=== Begin Enclosure ===

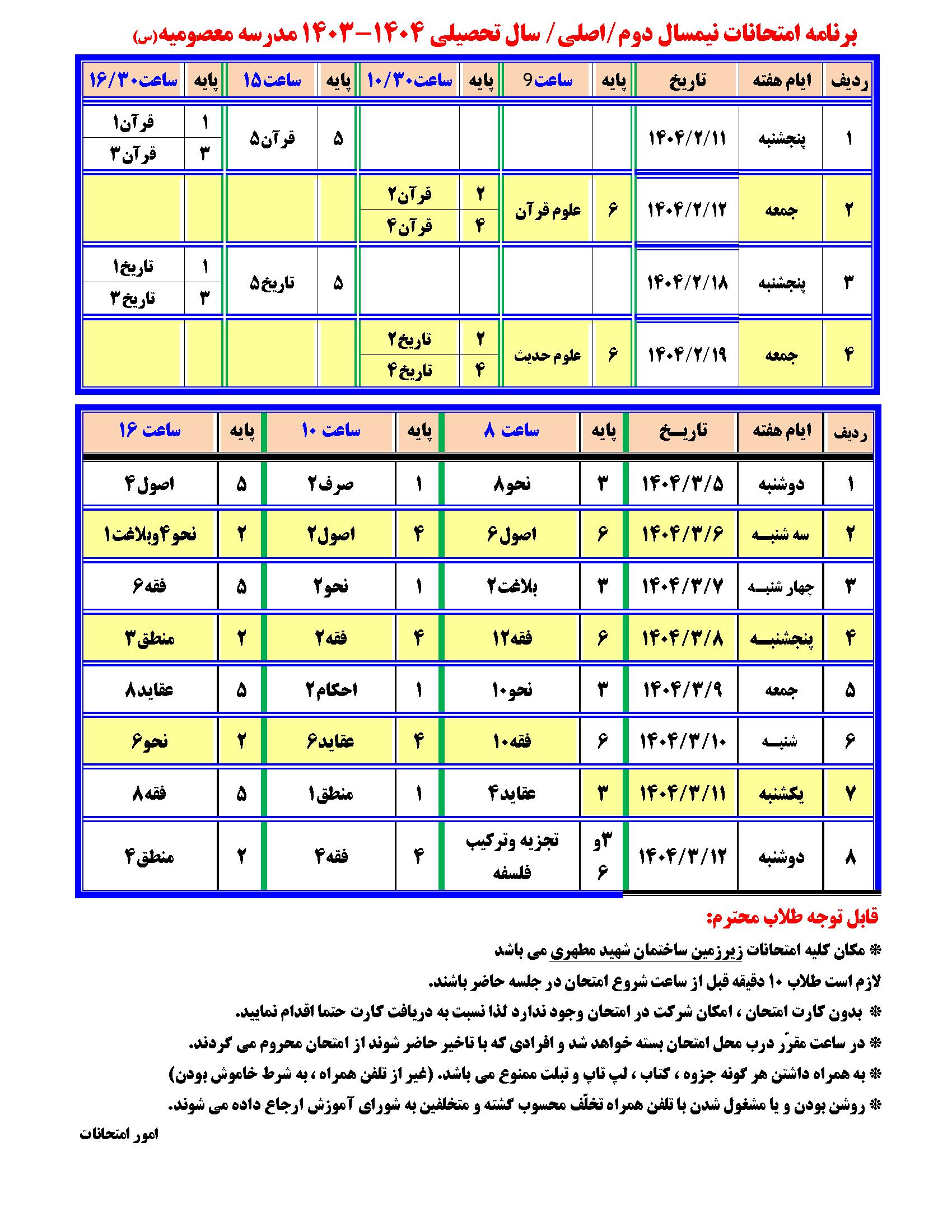 ❇️ برنامه امتحانات اصلي نيم سال دوم
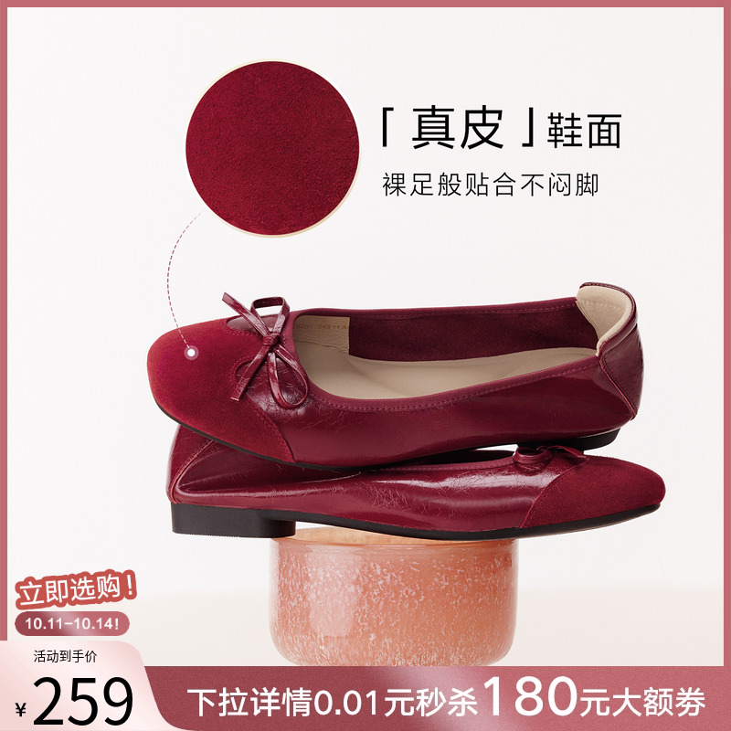 女鞋 百思图2025秋季 蝴蝶结通勤船鞋 牛皮红色浅口单鞋 C2201CQ5 新款
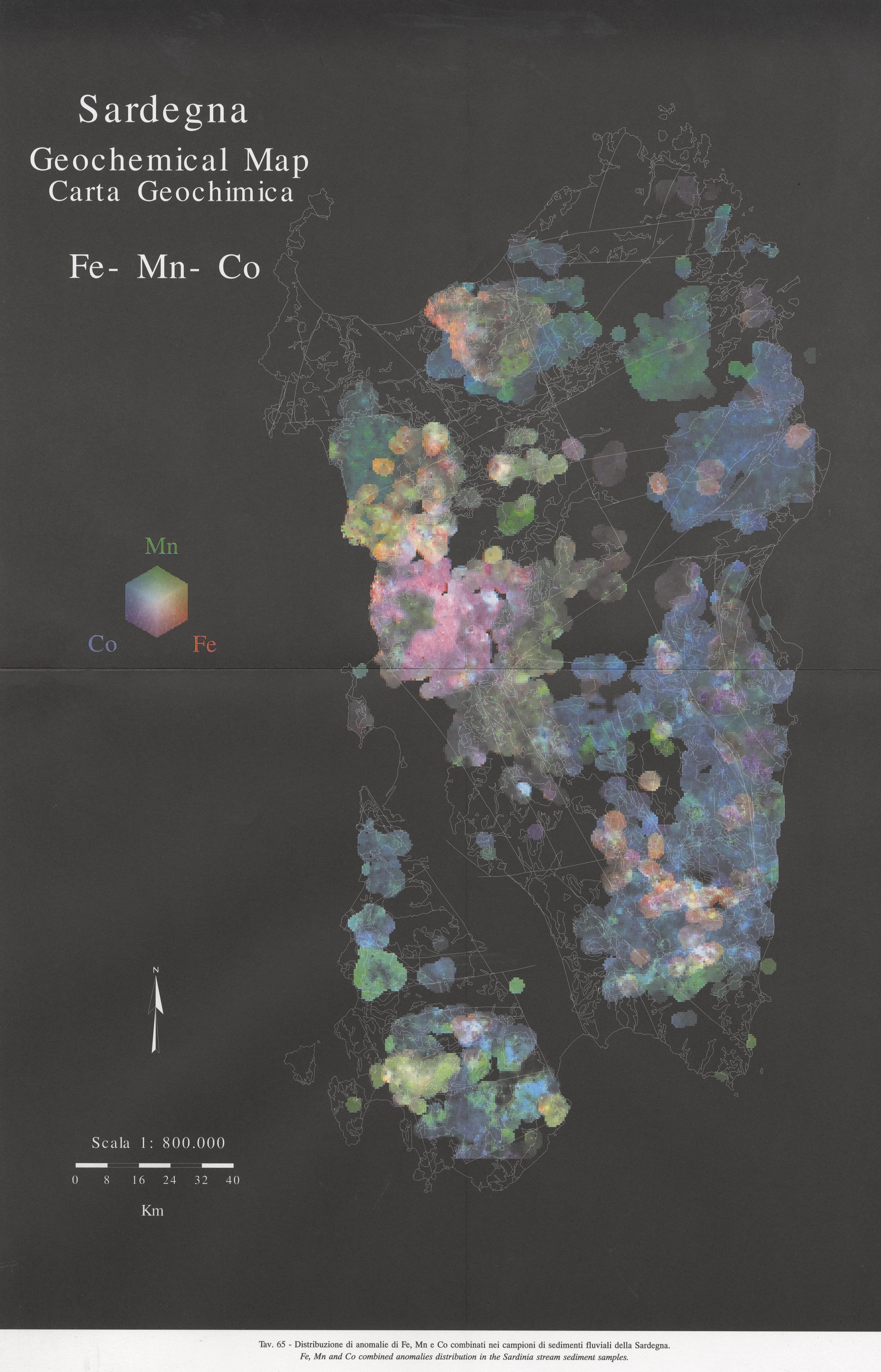 Tav. 65 - Distribuzione di anomalie di Fe, Mn e Co combinati nei campioni di sedimenti fluviali della Sardegna
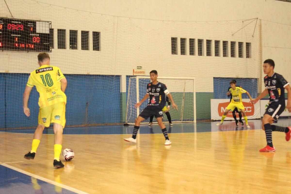 Em seu quinto compromisso na 1ª fase do Campeonato Paranaense Sub-20 de Futsal, a AACC Copagril/Prefeitura de Marechal Cândido Rondon venceu o Guibon Foods/Tapejara Futsal por 3 a 0, neste sábado (27), no Ginásio Ney Braga, e conquistou sua primeira vitória no Grupo C da competição.
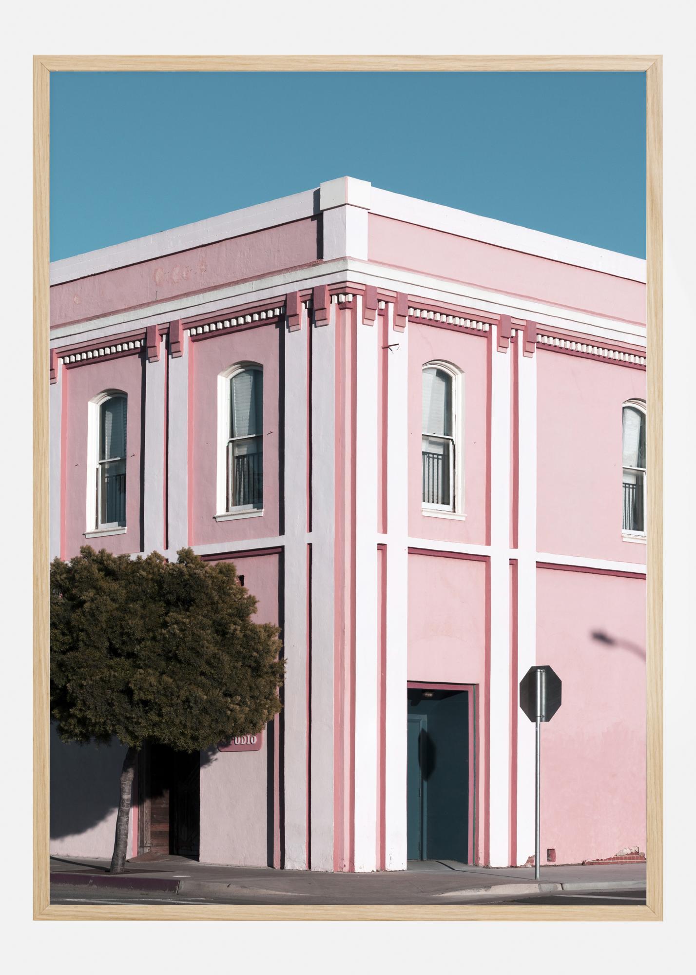 Une belle image d'un bâtiment rose à deux étages sous un ciel bleu vif. Grâce à ses couleurs fortes et vibrantes, elle suscite un sentiment de calme et d'apaisement. À gauche du bâtiment, se trouve un petit arbre touffu qui bloque presque l'entrée du bâtiment. Ajoutez une touche de couleur à votre intérieur avec cette délicieuse affiche.
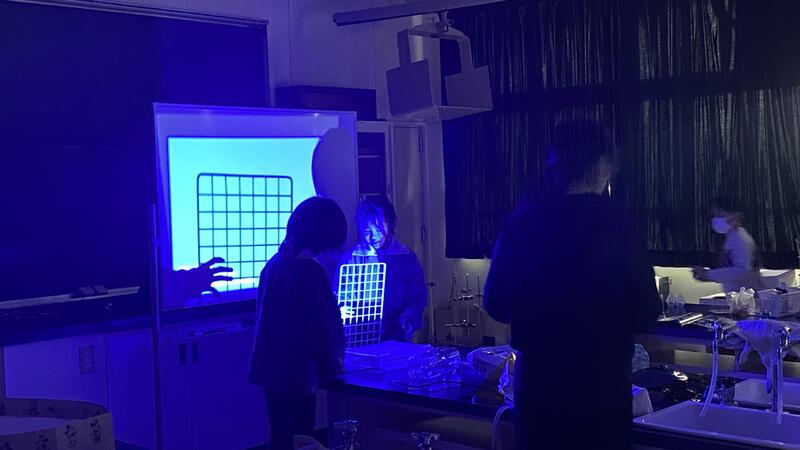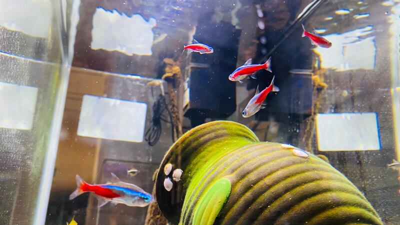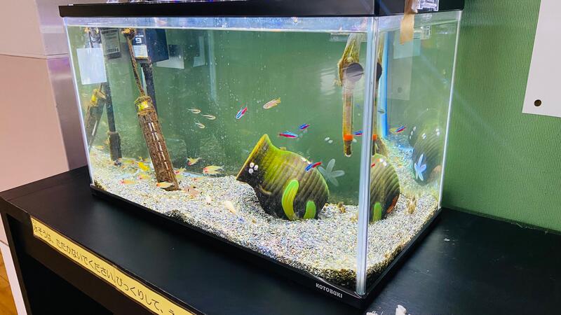 今日はいつもより暗い校舎内ですが、見回ると何気にキレイと感じた場所がありました。ひとつは水槽。子どもたちが通りかかると目を向ける水槽です。明りに照らされた魚がキラキラとしていました。
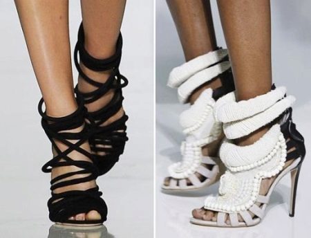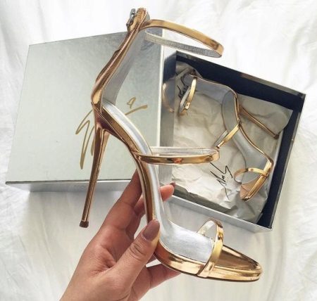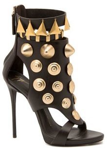 Not only designers, but also world stars are working on some models. one of them is Kanye West. He created three pairs of sandals for Giuseppe Zanotti Design. In 2012, he and the brand presented two completely different models on high heels. The first, made in white, was decorated with pearls, and the second consisted of many suede buckles in the form of weaving. A year later, another collaboration was released - the Cruel Summer model, made in golden black and white.

=== End Enclosure ===

Range to copy from the listing above: the line with "Une belle image" through the line with "今日はいつもより暗い校舎内で". Transcribe it exactly and skip the pictures.

◆ **Completed exercise**:
 Une belle image d'un bâtiment rose à deux étages sous un ciel bleu vif. Grâce à ses couleurs fortes et vibrantes, elle suscite un sentiment de calme et d'apaisement. À gauche du bâtiment, se trouve un petit arbre touffu qui bloque presque l'entrée du bâtiment. Ajoutez une touche de couleur à votre intérieur avec cette délicieuse affiche.
 今日はいつもより暗い校舎内ですが、見回ると何気にキレイと感じた場所がありました。ひとつは水槽。子どもたちが通りかかると目を向ける水槽です。明りに照らされた魚がキラキラとしていました。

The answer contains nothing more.